For 2012, Cassill was replaced by 2004 Cup Champion Kurt Busch, who had been released from the No. 22 car at Penske Racing due to on-track incidents and off-track temperament, including a profanity-laced tirade directed at ESPN reporter Jerry Punch. The team ran most of the season unsponsored, with HendrickCars.com, Monster Energy, and TAG Heuer coming on for single races. At Talladega in May, Busch ran a "ME" scheme from the movie Talladega Nights that Will Ferrell's character (a similarly controversial star driver) ran in a comeback at the track in one of the film's final scene. Busch's best finish with the team was an impressive 3rd-place finish at Sonoma Raceway after racing for the lead with Clint Bowyer with under ten laps to go. Outside of that high point, Busch was involved in many accidents trying to get the most out of his equipment. He was also suspended for the June race at Pocono after expletives aimed at a reporter after a Nationwide Series race at Dover. David Reutimann replaced Busch in that race, and Busch was welcomed back following a vote by team members. Busch would leave the team following the fall Talladega race for Furniture Row Racing, and was supposed to be replaced by Regan Smith (the former driver with Furniture Row) until Dale Earnhardt Jr. suffered a concussion in the aftermath of the Talladega race and Smith was needed as a sub for the Charlotte and Kansas races in the Chase. A. J. Allmendinger, coincidentally also released from Penske, in the No. 22 car, due to a failed substance test, drove the No. 51 for those two races, with Smith returning later in the year.

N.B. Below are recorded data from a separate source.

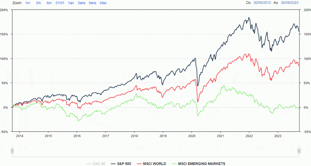 Le S&P500 surperforme les deux actifs depuis extrêmement longtemps certes il peux sous performer a partir d’aujourd’hui mais je pense qu’un actif qui surperforme un autre depuis extrêmement longtemps a plus de chance de surperformer que de sous performer. Il peut être très discipliné mais acheter des actifs qui sous performe un autre ne le feras pas gagner plus d’argent. Le MSCI world qui est a 73% composé d’entreprise américaine donc surtout US autant prendre le S&P500 ensuite si tu souhaites garder le emerging marcket tu le peux mais il le sous performe et en plus de ça tu as des frais de gestion plus élevé 0,30% et pour le S&P500 il est a 0,12% il ne faut pas oublier les frais composé qui gratte ton capitale le euro stoxx 600 est a 0,18% donc plus avantageux que le emerging marcket. Avec ça tu es diversifié tu as les US et l’Europe de plus les entreprises ne sont pas que en Europe les entreprise américaine par exemple vendent a l’étranger pas que en Amérique tout comme l’Europe vends sur d’autre continent.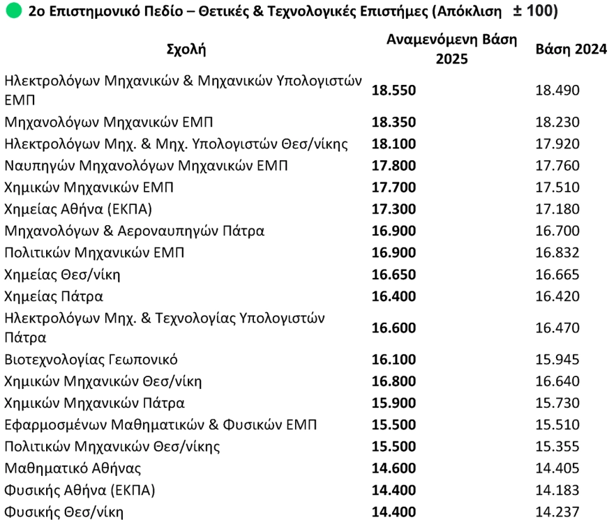 Στο δεύτερο Πεδίο των Θετικών Επιστημών, η Χημεία δίνει μικρότερες βαθμολογίες αλλά τα θέματα της Φυσικής και των Μαθηματικών βοήθησαν τους υποψηφίους να έχουν καλύτερες βαθμολογίες, με τελικό αποτέλεσμα οι βάσεις να αυξάνονται λίγο στις περιζήτητες σχολές, με μικρές διακυμάνσεις στις μεσαίες, ενώ οι σχολές χαμηλής ζήτησης θα παραμείνουν στα ίδια επίπεδα.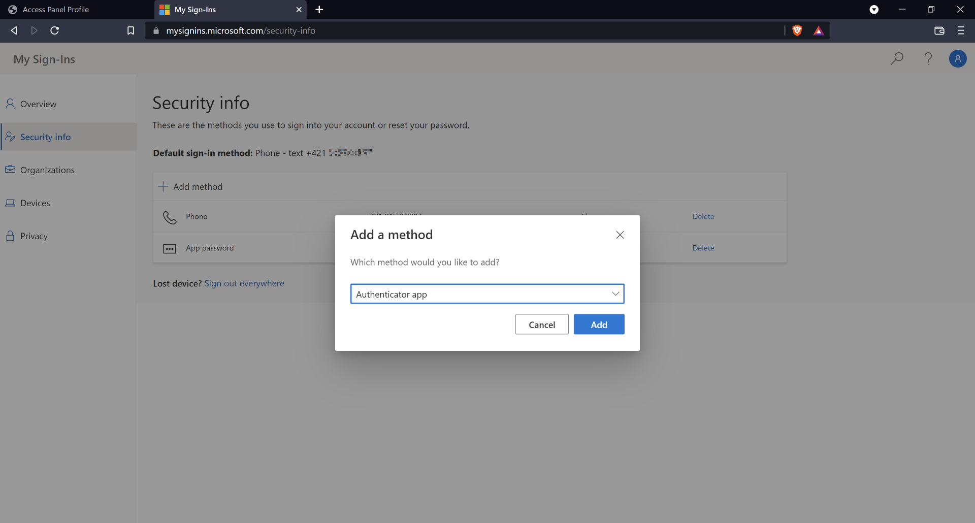 Now add a new Authentication method. Click Add method and select Authentication app from dropdown menu.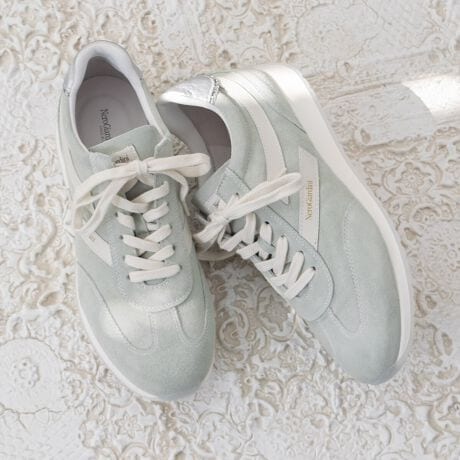 スエードの色合いがフェミニンな雰囲気のレースアップスニーカーです。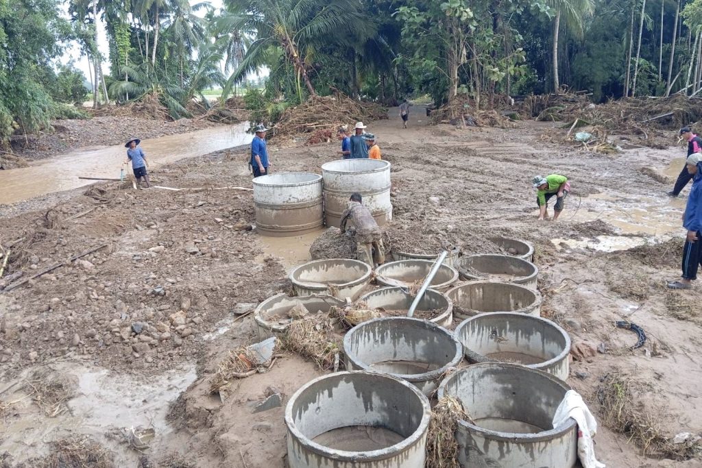 ขุดวางท่อเพื่อซ่อมแซมระบบประปาของหมู่บ้านที่ถูกน้ำป่านำดินโคลนไหลทะลักเข้าอุดตัน เพื่อให้ชาวบ้านมีน้ำประปาหมู่บ้านใช้ได้ตามปกติ พร้อมทั้งขุดตักดินโคลนเพื่อเปลี่ยนเส้นทางน้ำ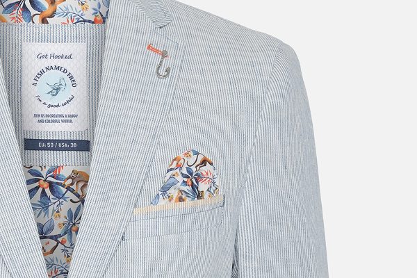 A Fish Named Fred, marque hollandaise drôle et sympathique, propose des vestes et des chemises (mais aussi gilets, pantalons et shorts) aussi surprenants que colorés, avec de nombreux détails cachés, en guise de signature. L’idéal pour se sentir comme un poisson dans l’eau !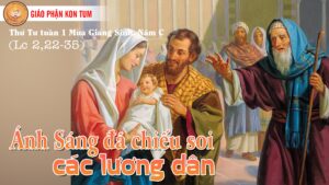 – Cụ già Simêon xin được bồng Chúa Hài Nhi, cụ vui mừng đến nỗi không muốn sống ở trần gian nữa. Cụ lớn tiếng ca tụng Chúa và nói cho mọi người biết: “Hài Nhi chính là Đấng Cứu Độ muôn dân, là Ánh Sáng soi đường cho dân ngoại và là Vinh quang của Israel dân Chúa”. Cụ cũng báo trước cho Đức Mẹ và Thánh Giuse về Cuộc Thương Khó của Chúa Giêsu và nỗi dau của Mẹ bên nỗi đau của Con (Đức Mẹ ghi nhớ và suy niệm trong lòng).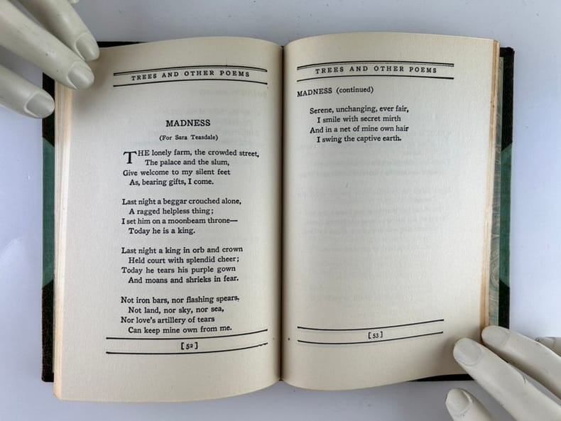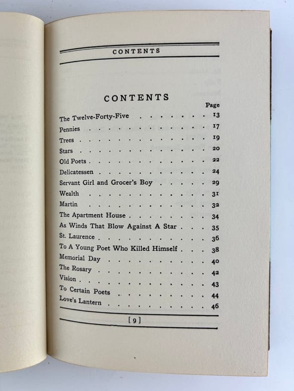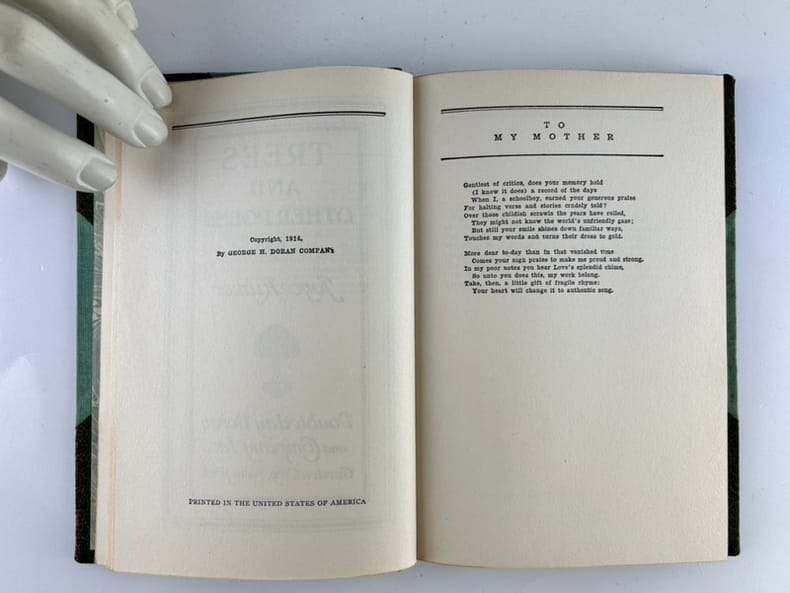 New-York Doubleday Doran and Company Inc. 1914 13x19cm half leather 75p. First edition. Bound by JAS MacDonald. Discoloration on the leather.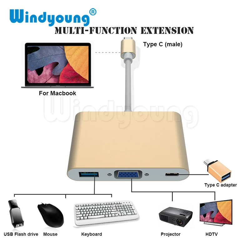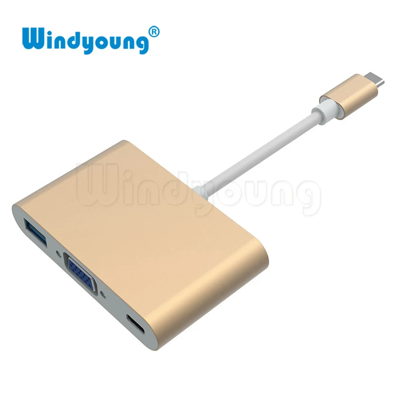 Achat USB 3.1 Type C À VGA USB3.0 Type C Adaptateur Mâle À Femelle Convertisseur Hub De Charge Port pour MacBook Google Chromebook Pas Cher En Ligne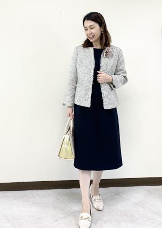 ・無地のエレガントなワンピースに羽織って、セレモニーコーデが完成。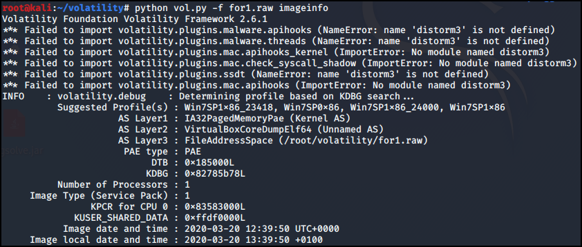 for1.raw 메모리 덤프 파일을 imageinfo를 실행했다.

For 2013, the team returned full-time, fielding a number of different drivers. The team signed Guy Roofing, a company from the team's hometown of Spartanburg, South Carolina, as the sponsor for the Daytona 500 and two other early season races. Regan Smith drove the car in the 500 to a strong seventh-place finish, and would run five other races that season with a best finish of sixth. Allmendinger ran 9 races, including running the retro Country Time scheme Phoenix had run in the past, with three top 15 finishes all in his first four starts. Austin Dillon ran four races, and Ryan Truex made his series debut at Bristol in the fall. Bobby Labonte, Owen Kelly, Mike Bliss, Jacques Villeneuve, and Brendan Gaughan would all make single starts for the team in 2013.

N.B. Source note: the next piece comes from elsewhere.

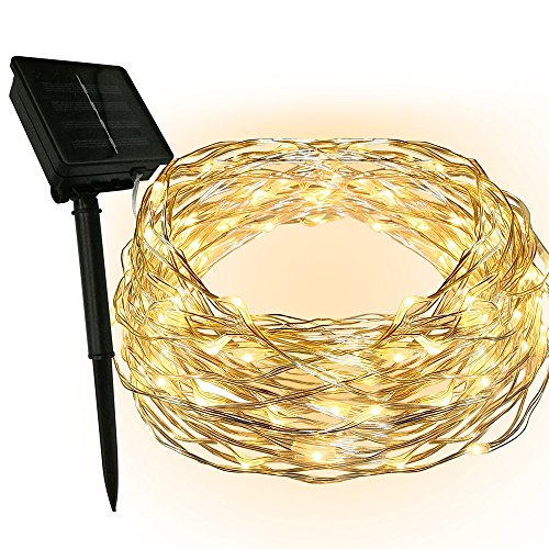 100 LED 33FT Copper Wire Solar Outdoor Waterproof Fairy String Lights (Warm White)

In spite of early success (the team was ranked 9th in owners points after the fifth race of the season) and a more affordable car model in the Gen 6 Chevy SS, lack of long-term funding continued to plague the team.  Citing this recurring lack of stable sponsorship, Finch announced in May 2013 that he would close operations after the 2013 Brickyard 400. In late June, Finch announced that he was selling his team. The team found a buyer July 17 and Finch stopped sponsoring the team after Indianapolis. He would continue to own the team through Labor Day weekend, providing assistance in the transition to new ownership. It was announced on August 28 that Harry Scott Jr. of Turner Scott Motorsports had bought the team.

Finch's last race as owner was the Labor Day race at Atlanta, where Mike Bliss drove the No. 51 Phoenix Construction Chevrolet to a 33rd-place finish, running six laps down at the checkered flag.

Sprint Cup Series Results

Xfinity Series

Car No. 1 history 

Phoenix made its debut in 1989 with the No. 49 Buick driven by Jeff Purvis at Charlotte. They ran four races together the following season in the No. 15 car, but had three engine failures. The next season, Phoenix and Purvis ran four consecutive races in the No. 14/23 Seal-Tech Buick, with a best finish of seventeenth. After a seventh-place finish at Talladega in 1992, the team ran as the No. 28 Havoline Ford for three races, and then changed to the No. 4 Kodak Funsaver Camera Chevrolet in 1993. Purvis won his first pole at Talladega in 1994 as the No. 51 Country Time car, then switched back to the No. 4 Kodak car the next year, where he had three top-ten finishes.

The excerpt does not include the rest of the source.